Project Choice graduation

Huge congratulations to all of our Project Choice (now known as Choices College) interns who graduated from the programme this week – it is always a special occasion and an opportunity to hear all about their achievements.

Project Choice is a supported internship programme for young adults with learning difficulties, disabilities or Autism and has been running across Newcastle Hospitals since 2012. The programme continues to go from strength to strength and to date 112 young adults have completed the programme. We’re also extremely proud to have an impressively high transition rate from internship to employment (79%) which remains one of the highest in the country.
Congratulations again to all our graduating interns. If any departments would be interested in hosting an intern from September, please contact Lorna Harasymiuk on [email protected].

NHS 75

NHS flags at Central Station

Last week we celebrated the 75th birthday of the NHS, I was proud and privileged to attend the service at Westminster Abbey to mark this special anniversary. I have worked in the NHS for 42 years and although there is still more to do to ensure it is there to serve future generations, I’m extremely proud of all that has been achieved so far.

Here in Newcastle, it was a real pleasure to see so much support from people across the city – this wonderful video captures just some of the highlights from the day. Some of our services also featured in media coverage across the week including the emergency admissions suite at the Freeman and the CHIPS team – who provide vital support to children and young people across the region.

I hope everyone was able to take a moment to reflect on the impact you all have on providing the very best care to our patients.

Awards and achievements

This week I had the pleasure to announce the finalists for this year’s Celebrating Excellence Awards – our judges once again had a difficult time selecting our finalists as the standard of entries was so high.
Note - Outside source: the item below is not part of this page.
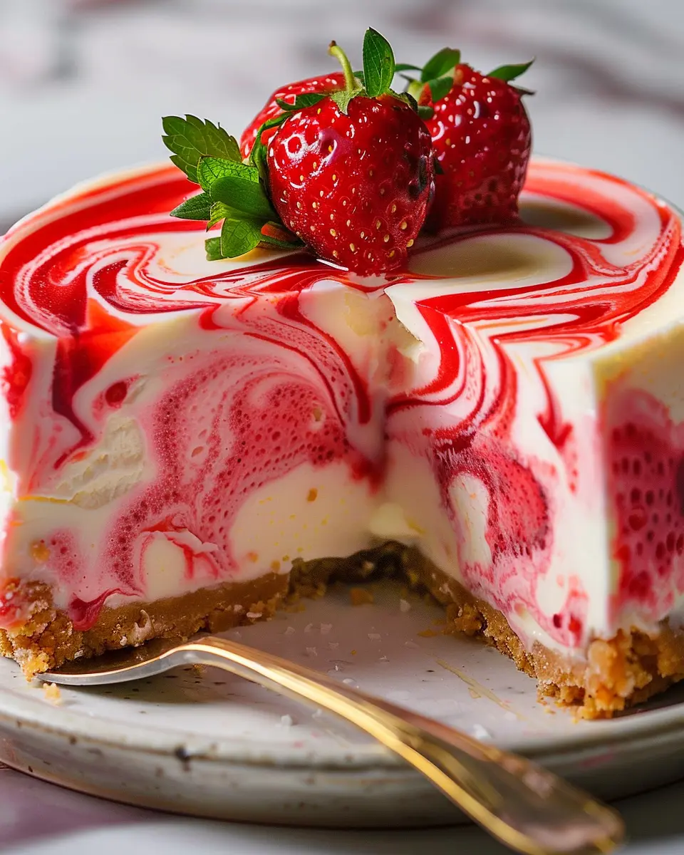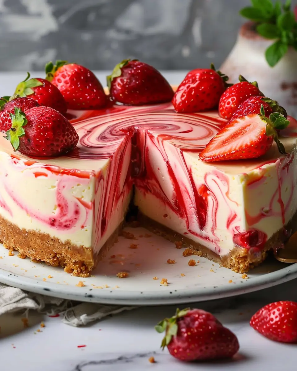This Strawberry Swirl Cheesecake is a delightful dessert that combines creamy cheesecake with a fresh strawberry swirl, making it perfect for any occasion.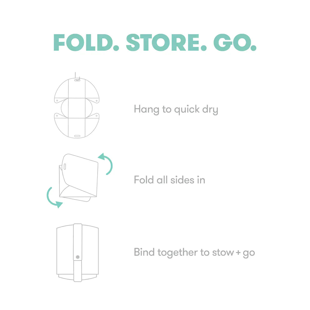 Sides snap together to support a newborn, dry out quickly, and fold up for easy storage and travel.

Huge congratulations to everyone shortlisted – you can see a full list here.

Congratulations also to:

  • Community nursery nurse Micki Short who has been awarded a Cavell Nurse Trust Star Award in recognition of going above and beyond in her support for families seeking asylum in Newcastle. Read more about Micki’s award here.
  • Professor Dave Jones and the team at Newcastle Centre for Rare Disease who’ve received £14m for a UK Rare Disease Research Platform, thanks to funding from Medical Research Council (MRC) and the National Institute for Health and Care Research (NIHR). The platform brings together experience from across the UK to help people living with rare conditions.